Additionally, a state company, Petrosal, will be created to manage the government’s interest in the pre-salt fields. The new company will be a consortium partner and will act according to the best practices of the international industry, says Almeida.

Finally, a new social fund has been set up, to be funded by such sources as royalties, signing bonuses and PSA revenues. “It will be used in Brazil on education, culture, environment, science and technology, and health,” he says.

Challenges faced by the government include establishing the parameters of the new contracts so the blocks are still attractive; constructing Petrosal, the new public company; and ensuring that local content is really local. Two of the government’s decisions are political, notes Almeida: Petrobras will be the exclusive operator of the pre-salt PSAs, and oilfield equipment and technologies for use in the pre-salt should come from inside Brazil.

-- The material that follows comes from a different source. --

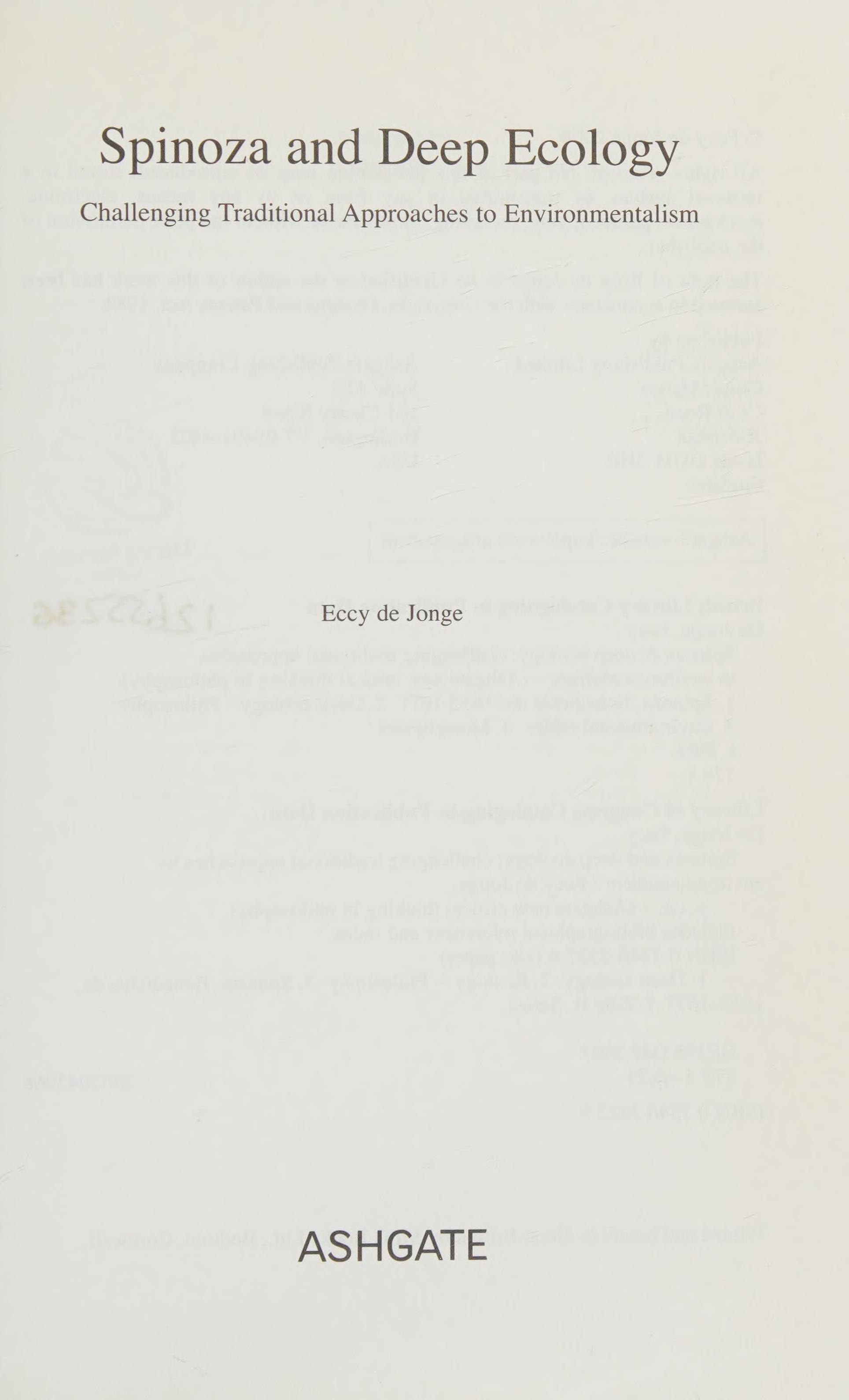Jonge, Spinoza and Deep Ecology: Challenging Traditional Approaches to Environme…

At the close of 2009, Brazilian officials announced that the highly anticipated 11th round of bidding will likely occur this spring. But, the 11th round will not offer pre-salt licenses, as the new rules are still being debated in the Brazilian National Congress.

“By March 2010 the new model should be completely approved,” says Almeida. At present, debates about royalty sharing among states and the capitalization of Petrobras are ongoing. Given that it’s an election year in Brazil, the March time frame may be somewhat optimistic.